Task brief:
The reply should contain all the data below, repeated exactly, and none of the images.

Data below:
- Opening Delimiter -

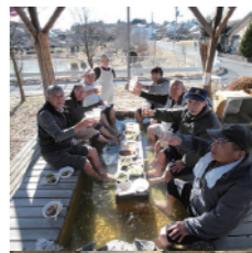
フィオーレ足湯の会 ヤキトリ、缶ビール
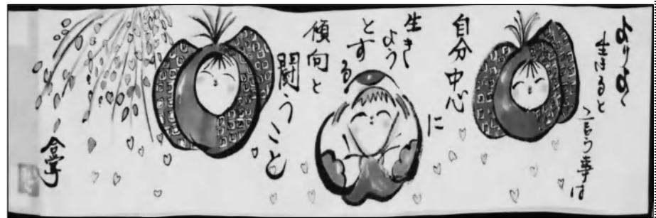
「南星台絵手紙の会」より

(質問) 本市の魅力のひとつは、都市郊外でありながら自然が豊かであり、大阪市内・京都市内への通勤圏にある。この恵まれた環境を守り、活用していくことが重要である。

- Closing Delimiter -

Result:
フィオーレ足湯の会 ヤキトリ、缶ビール
「南星台絵手紙の会」より

(質問) 本市の魅力のひとつは、都市郊外でありながら自然が豊かであり、大阪市内・京都市内への通勤圏にある。この恵まれた環境を守り、活用していくことが重要である。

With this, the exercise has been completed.